**WHAT YOU ARE ASKED TO DO**: From the first line to the last, copy the material word for word; pictures stay out.

---- EXTRACTED RECORDS

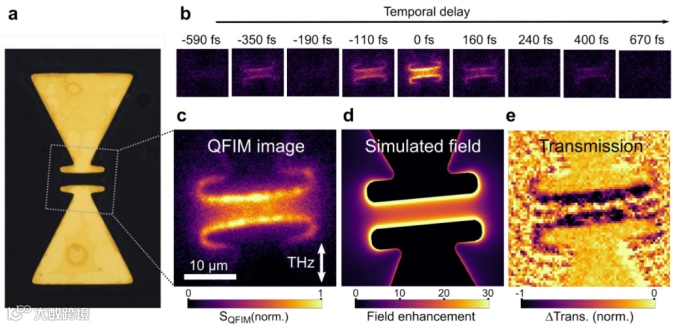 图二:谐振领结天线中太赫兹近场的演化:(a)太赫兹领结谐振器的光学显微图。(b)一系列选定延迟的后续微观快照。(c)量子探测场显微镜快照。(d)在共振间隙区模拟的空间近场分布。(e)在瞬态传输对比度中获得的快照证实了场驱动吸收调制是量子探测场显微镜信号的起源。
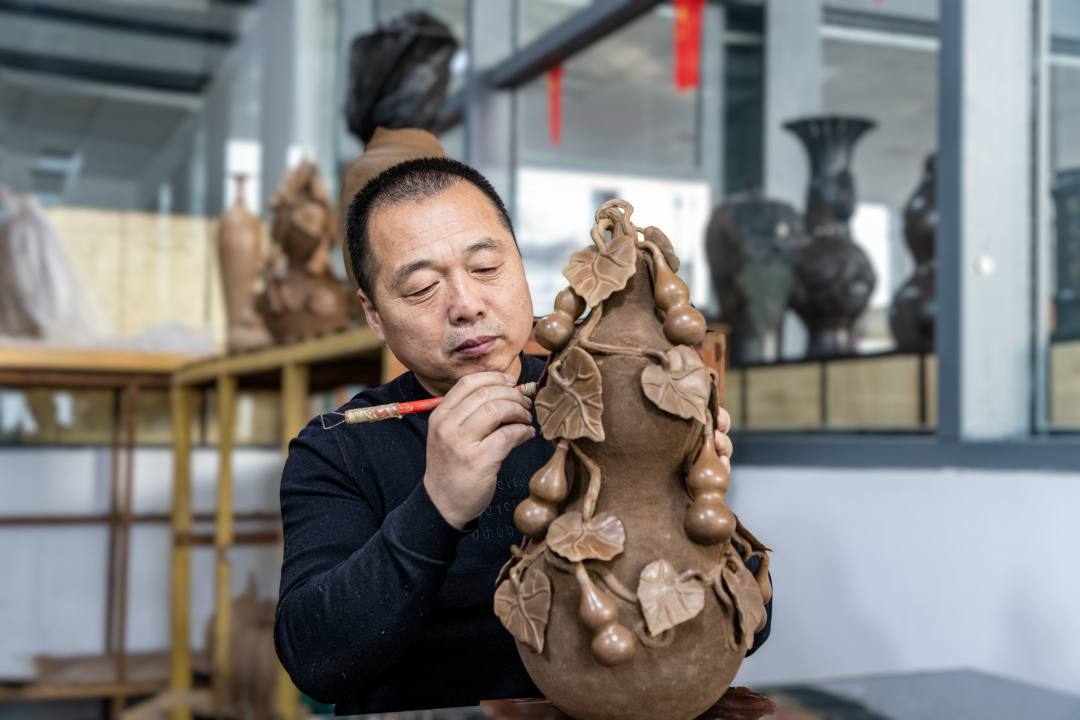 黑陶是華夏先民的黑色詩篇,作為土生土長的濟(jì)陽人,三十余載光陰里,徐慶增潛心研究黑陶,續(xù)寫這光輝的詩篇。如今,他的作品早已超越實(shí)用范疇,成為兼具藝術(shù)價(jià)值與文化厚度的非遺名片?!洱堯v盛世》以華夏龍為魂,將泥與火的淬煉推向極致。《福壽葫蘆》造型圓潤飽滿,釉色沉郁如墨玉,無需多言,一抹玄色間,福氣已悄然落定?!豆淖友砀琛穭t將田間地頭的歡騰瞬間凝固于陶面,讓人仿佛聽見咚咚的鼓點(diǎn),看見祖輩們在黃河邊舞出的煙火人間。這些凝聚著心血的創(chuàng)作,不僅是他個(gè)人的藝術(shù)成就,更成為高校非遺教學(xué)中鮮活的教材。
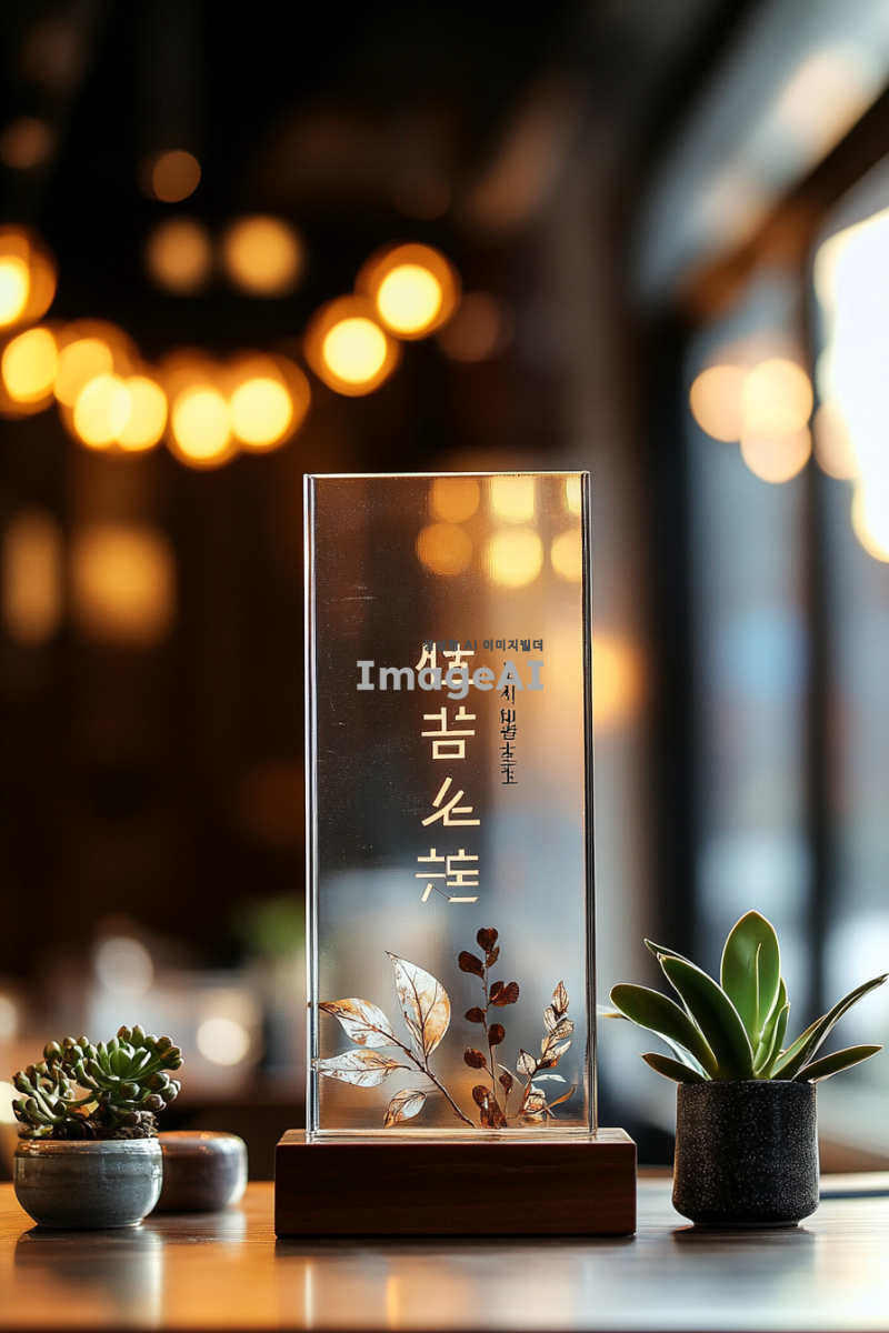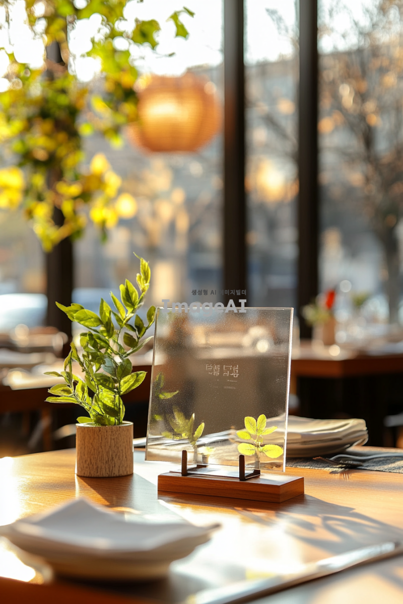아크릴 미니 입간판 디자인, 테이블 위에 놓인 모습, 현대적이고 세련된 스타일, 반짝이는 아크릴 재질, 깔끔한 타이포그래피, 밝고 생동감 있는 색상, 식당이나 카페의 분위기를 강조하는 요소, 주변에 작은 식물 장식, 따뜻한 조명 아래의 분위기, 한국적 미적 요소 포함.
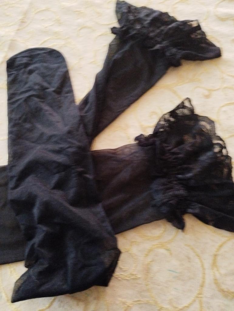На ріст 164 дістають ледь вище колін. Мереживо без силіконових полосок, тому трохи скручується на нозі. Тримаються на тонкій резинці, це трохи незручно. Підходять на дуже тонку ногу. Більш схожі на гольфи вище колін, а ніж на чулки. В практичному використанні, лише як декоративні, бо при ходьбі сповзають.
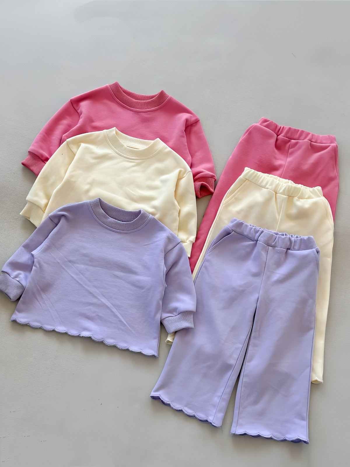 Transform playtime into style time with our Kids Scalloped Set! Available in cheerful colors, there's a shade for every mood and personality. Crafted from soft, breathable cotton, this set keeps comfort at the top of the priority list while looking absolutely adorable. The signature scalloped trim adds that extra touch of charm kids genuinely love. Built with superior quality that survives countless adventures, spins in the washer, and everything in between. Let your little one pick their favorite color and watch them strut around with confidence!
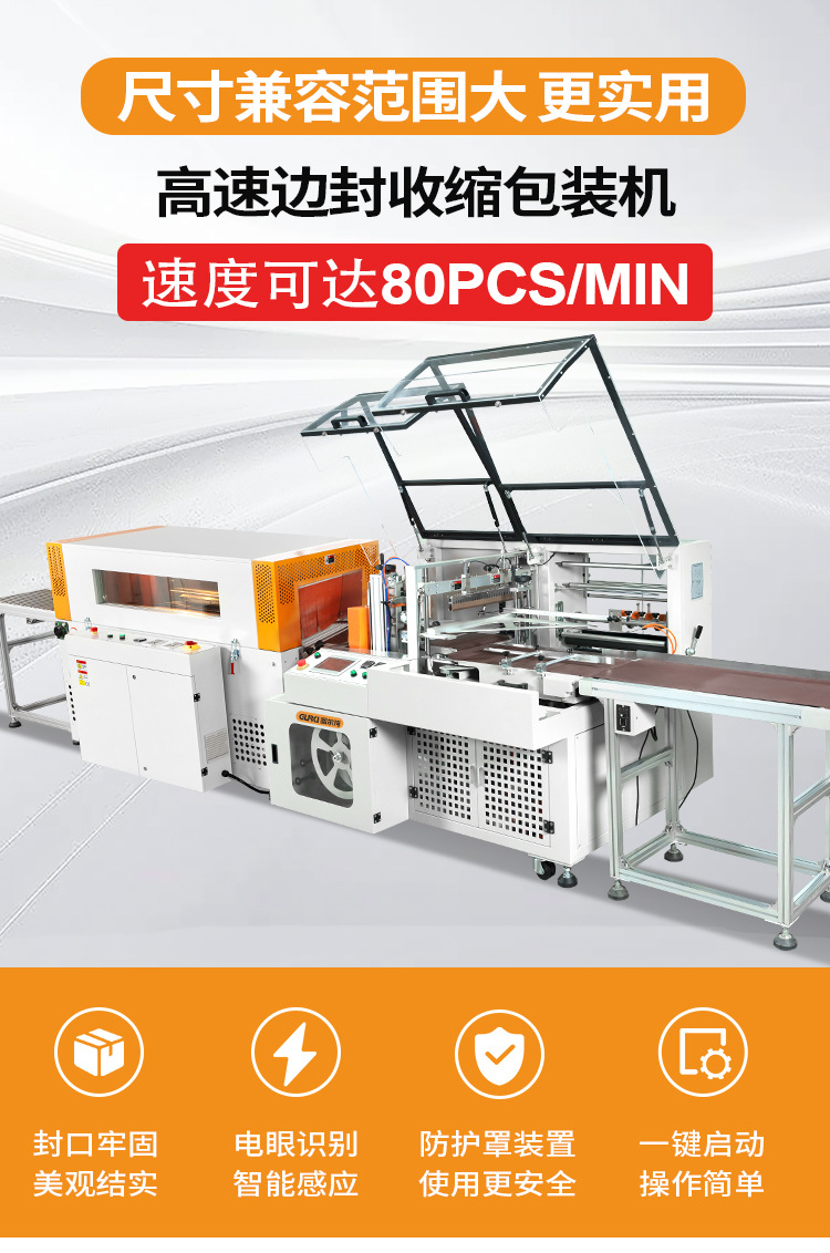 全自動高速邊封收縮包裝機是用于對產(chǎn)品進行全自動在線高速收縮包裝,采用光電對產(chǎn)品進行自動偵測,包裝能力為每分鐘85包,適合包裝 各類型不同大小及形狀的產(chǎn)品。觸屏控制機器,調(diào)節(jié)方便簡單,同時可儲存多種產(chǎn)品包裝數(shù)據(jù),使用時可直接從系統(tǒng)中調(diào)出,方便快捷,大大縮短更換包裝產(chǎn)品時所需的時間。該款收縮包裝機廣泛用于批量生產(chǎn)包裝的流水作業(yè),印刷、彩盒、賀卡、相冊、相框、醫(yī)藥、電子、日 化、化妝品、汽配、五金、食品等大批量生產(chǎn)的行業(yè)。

--------

**THE COMPLETED TASK**:
 图二:谐振领结天线中太赫兹近场的演化:(a)太赫兹领结谐振器的光学显微图。(b)一系列选定延迟的后续微观快照。(c)量子探测场显微镜快照。(d)在共振间隙区模拟的空间近场分布。(e)在瞬态传输对比度中获得的快照证实了场驱动吸收调制是量子探测场显微镜信号的起源。
 黑陶是華夏先民的黑色詩篇,作為土生土長的濟(jì)陽人,三十余載光陰里,徐慶增潛心研究黑陶,續(xù)寫這光輝的詩篇。如今,他的作品早已超越實(shí)用范疇,成為兼具藝術(shù)價(jià)值與文化厚度的非遺名片?!洱堯v盛世》以華夏龍為魂,將泥與火的淬煉推向極致。《福壽葫蘆》造型圓潤飽滿,釉色沉郁如墨玉,無需多言,一抹玄色間,福氣已悄然落定?!豆淖友砀琛穭t將田間地頭的歡騰瞬間凝固于陶面,讓人仿佛聽見咚咚的鼓點(diǎn),看見祖輩們在黃河邊舞出的煙火人間。這些凝聚著心血的創(chuàng)作,不僅是他個(gè)人的藝術(shù)成就,更成為高校非遺教學(xué)中鮮活的教材。
아크릴 미니 입간판 디자인, 테이블 위에 놓인 모습, 현대적이고 세련된 스타일, 반짝이는 아크릴 재질, 깔끔한 타이포그래피, 밝고 생동감 있는 색상, 식당이나 카페의 분위기를 강조하는 요소, 주변에 작은 식물 장식, 따뜻한 조명 아래의 분위기, 한국적 미적 요소 포함.
На ріст 164 дістають ледь вище колін. Мереживо без силіконових полосок, тому трохи скручується на нозі. Тримаються на тонкій резинці, це трохи незручно. Підходять на дуже тонку ногу. Більш схожі на гольфи вище колін, а ніж на чулки. В практичному використанні, лише як декоративні, бо при ходьбі сповзають.
 Transform playtime into style time with our Kids Scalloped Set! Available in cheerful colors, there's a shade for every mood and personality. Crafted from soft, breathable cotton, this set keeps comfort at the top of the priority list while looking absolutely adorable. The signature scalloped trim adds that extra touch of charm kids genuinely love. Built with superior quality that survives countless adventures, spins in the washer, and everything in between. Let your little one pick their favorite color and watch them strut around with confidence!
 全自動高速邊封收縮包裝機是用于對產(chǎn)品進行全自動在線高速收縮包裝,采用光電對產(chǎn)品進行自動偵測,包裝能力為每分鐘85包,適合包裝 各類型不同大小及形狀的產(chǎn)品。觸屏控制機器,調(diào)節(jié)方便簡單,同時可儲存多種產(chǎn)品包裝數(shù)據(jù),使用時可直接從系統(tǒng)中調(diào)出,方便快捷,大大縮短更換包裝產(chǎn)品時所需的時間。該款收縮包裝機廣泛用于批量生產(chǎn)包裝的流水作業(yè),印刷、彩盒、賀卡、相冊、相框、醫(yī)藥、電子、日 化、化妝品、汽配、五金、食品等大批量生產(chǎn)的行業(yè)。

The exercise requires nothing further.